Walter thinks that was to avoid any ‘flashpoints’ being created, recalling that:

‘sometimes just our presence could be seen as provocative to the hunt’s people’.

The booklet suggests that it’s best to be polite towards the police – ‘annoying them does not help’ – but always take a note of their numbers.

It advises keeping together and walking away if confronted by the hunt’s heavies:

‘running only encourages them (it probably reminds them of the chase!)’

He considered self defence to be acceptable, and believed that you should do whatever you needed to do to get out of a situation safely.

We learnt that ‘pre-beating’ and ‘pre-spraying’ referred to other tactics adopted by sabs, to either encourage wild animals to leave an area before the hunt began, or to lay scents that would distract the dogs when they showed up.

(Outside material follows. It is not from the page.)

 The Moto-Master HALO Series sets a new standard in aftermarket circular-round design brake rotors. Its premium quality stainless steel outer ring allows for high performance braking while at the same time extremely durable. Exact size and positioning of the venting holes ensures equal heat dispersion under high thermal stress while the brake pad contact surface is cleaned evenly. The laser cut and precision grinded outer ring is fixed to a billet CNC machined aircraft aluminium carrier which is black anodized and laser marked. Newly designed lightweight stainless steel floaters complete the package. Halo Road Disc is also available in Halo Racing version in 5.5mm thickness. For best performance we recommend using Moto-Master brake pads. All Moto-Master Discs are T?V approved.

According to Walter, sometimes a press release would go out, for example before the start of the hunting season or before a big event in the calendar (like the Boxing Day meets), but sab groups didn’t usually advertise their regular actions, just report on them afterwards.

As a broad and lawful organisation, there was little in the way of security precautions. In those days the office was usually in someone’s house. Walter admitted:

‘It was very lax, to be honest’

REPORTING ON THE SABS

Much of the hearing was spent examining secret police reports. As we’ve seen in so many other hearings, undercover officers frequently exaggerated activity in order to make it sound like they were spying on serious criminal plotting.

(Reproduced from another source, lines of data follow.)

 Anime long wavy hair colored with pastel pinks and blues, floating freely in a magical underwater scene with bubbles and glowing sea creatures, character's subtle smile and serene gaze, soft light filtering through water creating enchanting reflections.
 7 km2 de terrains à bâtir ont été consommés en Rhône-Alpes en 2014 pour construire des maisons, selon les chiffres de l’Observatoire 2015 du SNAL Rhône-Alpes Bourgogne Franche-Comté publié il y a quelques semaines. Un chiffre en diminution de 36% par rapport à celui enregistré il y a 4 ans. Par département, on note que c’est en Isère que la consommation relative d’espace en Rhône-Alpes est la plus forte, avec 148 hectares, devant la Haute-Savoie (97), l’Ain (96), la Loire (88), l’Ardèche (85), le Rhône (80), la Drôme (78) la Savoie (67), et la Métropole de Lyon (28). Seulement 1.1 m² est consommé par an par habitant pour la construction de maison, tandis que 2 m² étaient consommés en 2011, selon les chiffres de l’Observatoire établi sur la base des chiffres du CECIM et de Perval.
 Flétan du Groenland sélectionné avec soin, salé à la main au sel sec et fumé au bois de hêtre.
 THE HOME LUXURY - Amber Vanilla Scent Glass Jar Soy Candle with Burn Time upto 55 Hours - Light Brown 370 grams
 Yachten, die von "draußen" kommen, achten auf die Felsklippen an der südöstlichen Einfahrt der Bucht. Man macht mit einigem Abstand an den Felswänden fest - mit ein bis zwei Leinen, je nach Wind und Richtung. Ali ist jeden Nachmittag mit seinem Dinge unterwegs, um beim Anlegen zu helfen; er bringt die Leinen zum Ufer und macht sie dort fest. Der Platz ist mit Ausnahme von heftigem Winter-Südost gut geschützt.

Walter had been reported on by several spycops. One them, HN87 ‘John Lipscomb’ (known as ‘Hippy John’), said that Walter was wary of speaking openly on the phone, and often used public phone boxes. Walter explained that this wasn’t just to protect him, it was sometimes because of the risks faced by people in the hunting community who shared information with him.

Spycop Bob Lambert whilst undercover

Spycop HN10 Bob Lambert aka ‘Bob Robinson’ whilr undercover

Another of the spycops, HN10 Bob Lambert, reported [MPS-0740065] in 1987 that ‘sixteen Animal Liberation Front (ALF) activists’ had met at someone’s home in Kent on 25 January. This report claimed that ‘all present enjoy a dual role’, and that as well as being ‘leading members’ of various local sab groups, are involved in a ‘criminal campaign’.

Walter flatly rejected the suggestion that he was an ALF activist.

According to Lambert’s report, the HSA was virtually bankrupt at this time and those present agreed that its only useful purpose was ‘in terms of publicity’. Walter says that in those (pre-internet) days the organisation served a vital function in terms of communication between the different local groups.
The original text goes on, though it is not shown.